We have a monthly scheduled job to retain the memberships of Airline. UNIX shell script calls C executable which further calls Oracle procedures. As the job has to process large volumes of data the memberships numbers are divided into 5 streams and 5 instances of shell scripts are executed.
However the problem occurs with the fifth stream. It takes unexpectedly long time. All 4 streams 1,2,3,4 finishes within 4-5 hours but the 5th stream goes upto 10 hours. All the streams have to process same number of records.

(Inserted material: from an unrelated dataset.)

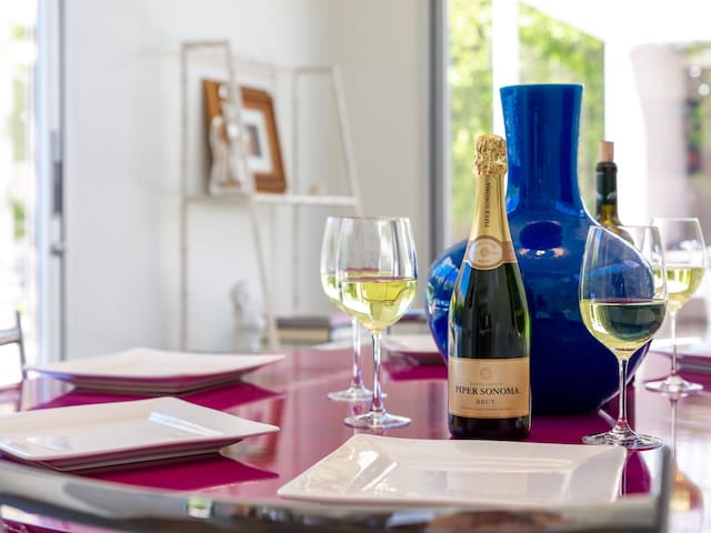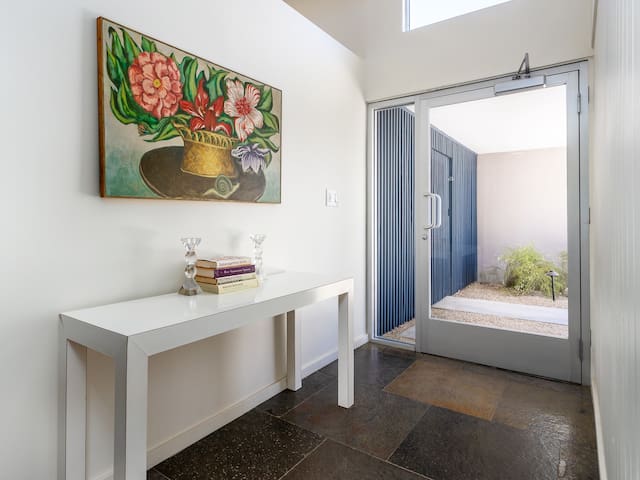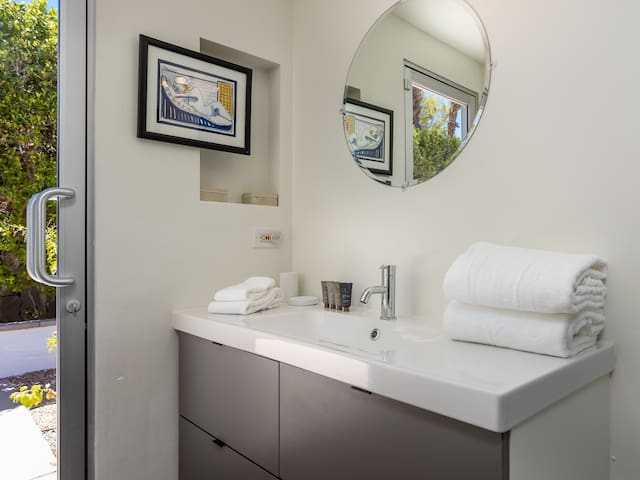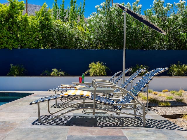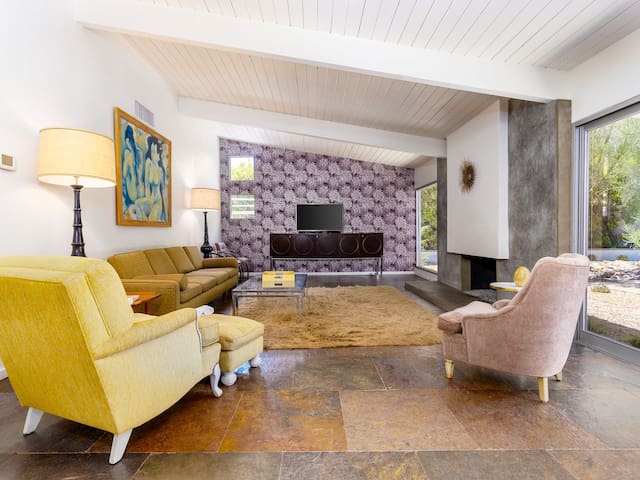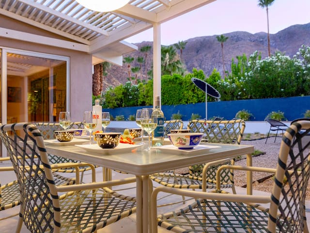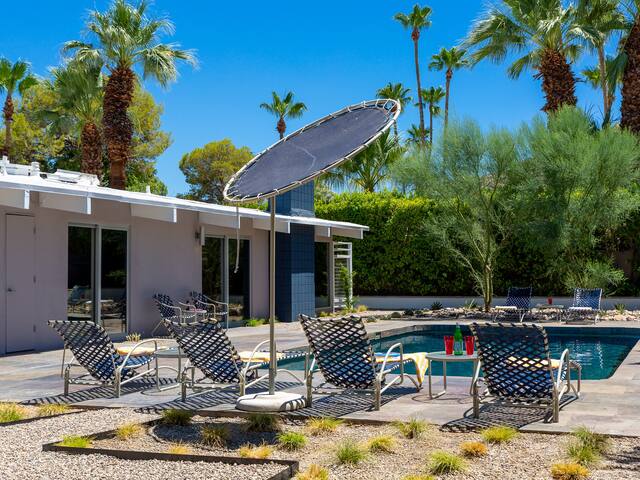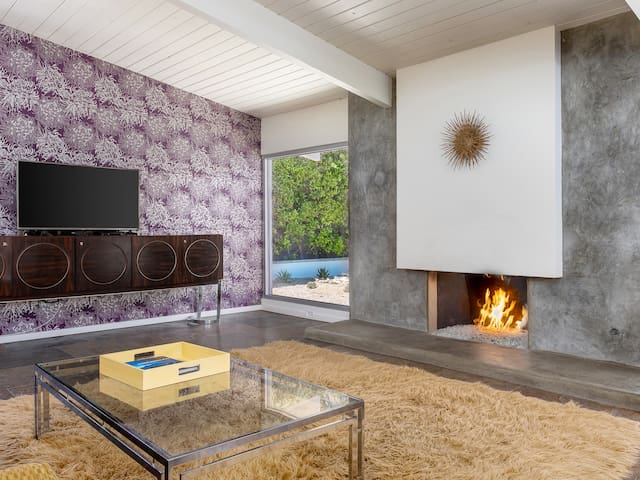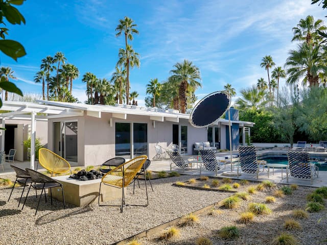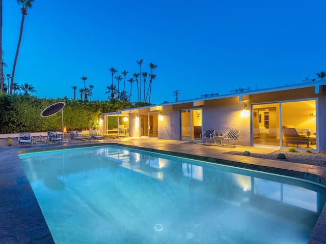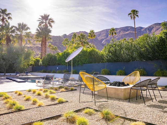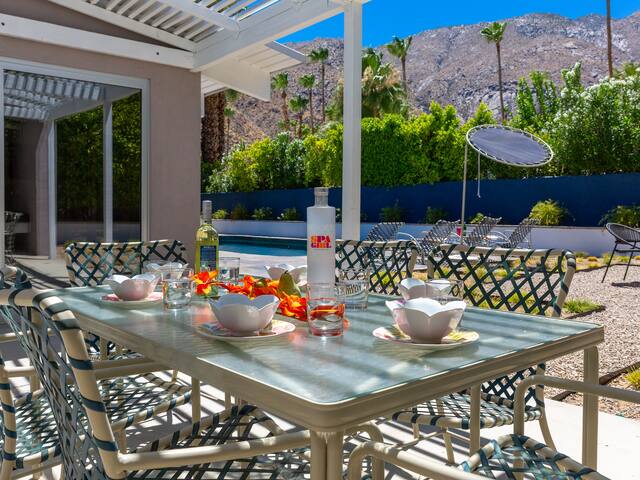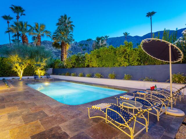 Stunning midcentury home in the coveted Vista Las Palmas neighborhood. Open concept floor plan. Very private yard with pool, firepit lounge, covered outdoor dining pavilion, BBQ and stunning mountain views. Walk to town. Beds: K,Q,Q P.S. City ID #3578 **Primary renter must be a minimum of 25 years of age **GUESTS WILL BE REQUIRED TO SIGN A SEPARATE RENTAL AGREEMENT WITH HOST PER CITY REQUIREMENTS** to rent** Sprawling estate home on Millionaire’s Row in the upscale Midcentury neighborhood of Vista Las Palmas in Palm Springs. Open concept floor plan. Mid Mod-inspired art and furnishings. Very private yard with heated inground pool, firepit lounge, covered outdoor dining pavilion, BBQ and stunning mountain views. Las Palmas Retreat is a fabulous Palm Springs vacation home rental where its all about relaxing in the sunshine. Beds: K,Q,Q This classic property (circa 1961) captures the nostalgic and sophisticated vibe of Palm Springs yesteryear while being very "next century" at the same time. Originally built by the iconic Alexander Construction Company then remodeled and updated by well-known and published Southern California designer, David Neil Livingston. Upgrades include large walls of glass and top of the line sliding glass doors, new bathrooms and the remodeled kitchen featuring stainless GE Monogram and Bosch appliances. GREAT LOCATION - WALK TO TOWN Vista Las Palmas is the quintessential Movie Star Neighborhood - once the home to celebrities like Marilyn Monroe, Dean Martin, Debbie Reynolds, Joan Collins, and Kirk Douglas. The original Dinah Shore home, now owned by Leonardo DiCaprio, is just a few blocks away. The Elvis Honeymoon House is also very close by. Prime location - this Las Palmas Retreat is just about a half mile stroll to the world famous Palm Canyon Drive as it travels through the Uptown Design District. You will be an easy walk to the best restaurants, shops, boutiques and night spots. Don’t miss the opportunity for dinner at Sandfish Sushi and Whiskey, Eight4Nine, or Trio Restaurant. For late night cocktails be sure to visit Bootlegger Tiki. It’s a must do while in town. You will also be able to walk to many stops for The Buzz - the City of Palm Springs Free Shuttle that will transport you up and down Palm Canyon Drive through all the commercial neighborhoods including Downtown and the South Palm Springs Business District. THE INTERIOR LIVING SPACES Gorgeous in its simplicity as the Alexanders intended - you'll find clean lines, an open concept floor plan, clerestory windows and large glass sliders that let the light pour in. The living room, dining area and kitchen are all open to each other - providing enough space for your entire group to gather, relax and enjoy. From here there is easy access to the private pool yard - blurring the lines between indoor and outdoor living. Totally updated for the way we live today, it has all the appointments you would expect - beautiful gas fireplace, high-speed internet and comfortable sleeping quarters. The mid-mod inspired furnishings reinterpret 1960s style without sacrificing comfort. The Las Palmas Retreat is livable luxury - where it's all about basking in the Palm Springs sunshine. THE OUTDOOR LIVING SPACES This property captures the magic of Southern California living. The unobstructed mountain views are simply spectacular and the West-facing yard is perfectly positioned for unbelievably gorgeous sunsets. Completely walled for privacy - the yard features an inground pool, chaise lounges, firepit lounge area, covered outdoor dining pavilion and a plumbed barbecue grill so you'll never have to worry about the tank going dry. All the amenities you want on vacation - it’s the perfect place for living the good life! THE SLEEPING QUARTERS Each of the three bedrooms feature a comfortable hotel-quality mattress and ample storage. The Master suite has a King bed, sliding doors to the yard and a private bathroom that also has a door to the yard. The two Queen guest rooms each have easy access to the hall bathroom. OPTIONAL LUXURY SERVICES Concierge Services including Daily and Mid-stay Maid Service, Private Chef, Pre-arrival grocery stocking and poolside massage can be arranged. Three-week prior notice requested. Advanced Booking strongly advised. Certain dog breeds under 65 lbs are allowed at this home, the dog fee is $195 (2 dogs maximum).Amenities

The main cursor from which the records are retrieved for processing is just the select from single table. (No Complex Joins). I have got the table analyzed from which membership numbers are retrieved.
What are the different things on which I should base my investigations?
If the fifth one takes twice as long, I would look at how many "sessions per user" for the oracle user are allowed. When you say processes, do they end up running DBS_JOBS? How many "job queue processes" are configured?
You do not need a parachute to skydive. You only need a parachute to skydive twice.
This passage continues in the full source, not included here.